Open Access
MiR ‐32‐5p promoted epithelial‐to‐mesenchymal transition of oral squamous cell carcinoma cells via regulating the KLF2 / CXCR4 pathway
Author(s) -
Qin ShiYu,
Li Bo,
Chen Mei,
Qin MingQun,
Liu JiMu,
Lv QiuLi
Publication year - 2022
Publication title -
the kaohsiung journal of medical sciences
Language(s) - English
Resource type - Journals
SCImago Journal Rank - 0.439
H-Index - 36
eISSN - 2410-8650
pISSN - 1607-551X
DOI - 10.1002/kjm2.12450
Subject(s) - medicine , cxcr4 , epithelial–mesenchymal transition , klf2 , cancer research , metastasis , cancer , downregulation and upregulation , biochemistry , gene , receptor , chemokine , chemistry
Abstract Oral squamous cell carcinoma (OSCC) is one of the most common carcinomas of the oral cavity.
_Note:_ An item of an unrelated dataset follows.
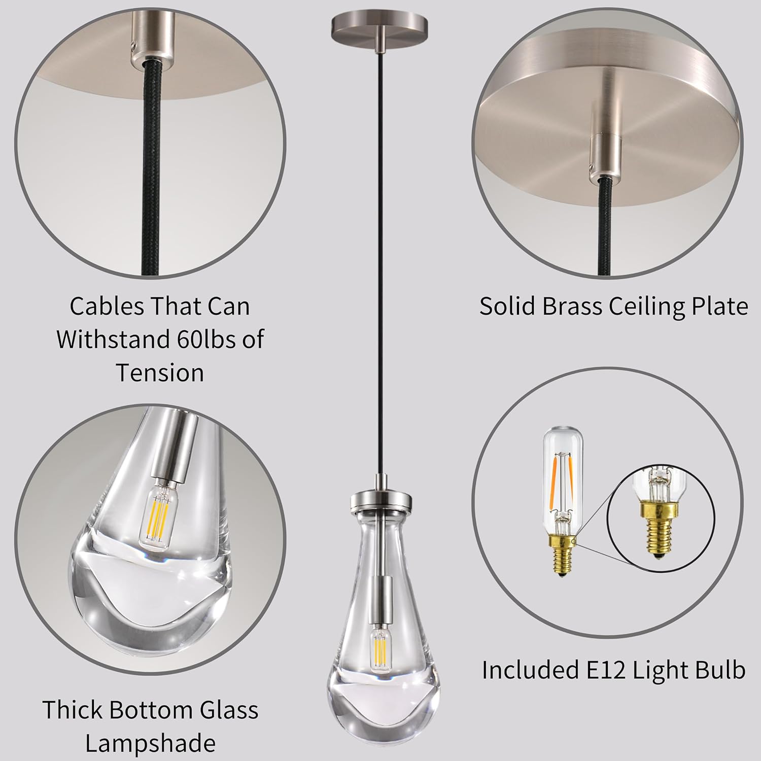 - 【Hand-blown Raindrop Pendant Light】The nickel pendant light kitchen island is suitable for all styles of decoration. The raindrop-shaped glass shade reflects a rich light effect in the light, combining the beauty of modernity and nature to enhance the premium feel of the space for you.

However, the regulatory mechanisms on miR‐32‐5p remain poorly understood in OSCC. The expression of miR‐32‐5p, Krüppel‐like factor 2 (KLF2), C‐X‐C motif chemokine receptor 4 (CXCR4), and epithelial‐to‐mesenchymal transition (EMT)‐related proteins (E‐cadherin, Vimentin, N‐cadherin, and Snail) were evaluated were assessed using RT‐qPCR and Western blot. 3‐(4, 5‐Dimethylthiazolyl2 )‐2, 5‐diphenyltetrazolium bromide assay, wound healing assay, and transwell assay were employed to detect cell proliferation, migration, and invasion of OSCC cells. Finally, dual‐luciferase reporter assay was performed to verify the binding relationship between KLF2 and miR‐32‐5p. MiR‐32‐5p was highly expressed while KLF2 was lowly expressed in OSCC cells, and miR‐32‐5p knockdown or KLF2 overexpression could markedly reduce cell proliferation, migration, invasion, and EMT of OSCC cells. What is more, KLF2 was the target of miR‐32‐5p, and knockdown of KLF2 abolished the inhibitory effect of miR‐32‐5p inhibitor on progression of OSCC. Finally, CXCR4 expression was negatively regulated by KLF2, and inhibition of CXCR4 obviously alleviated the biological effects of si‐KLF2 on the progression of OSCC. MiR‐32‐5p could enhance cell proliferation, migration, invasion, and EMT of OSCC cells, and the discovery of miR‐32‐5p/KLF2/CXCR4 axis might provide potential therapeutic targets for OSCC.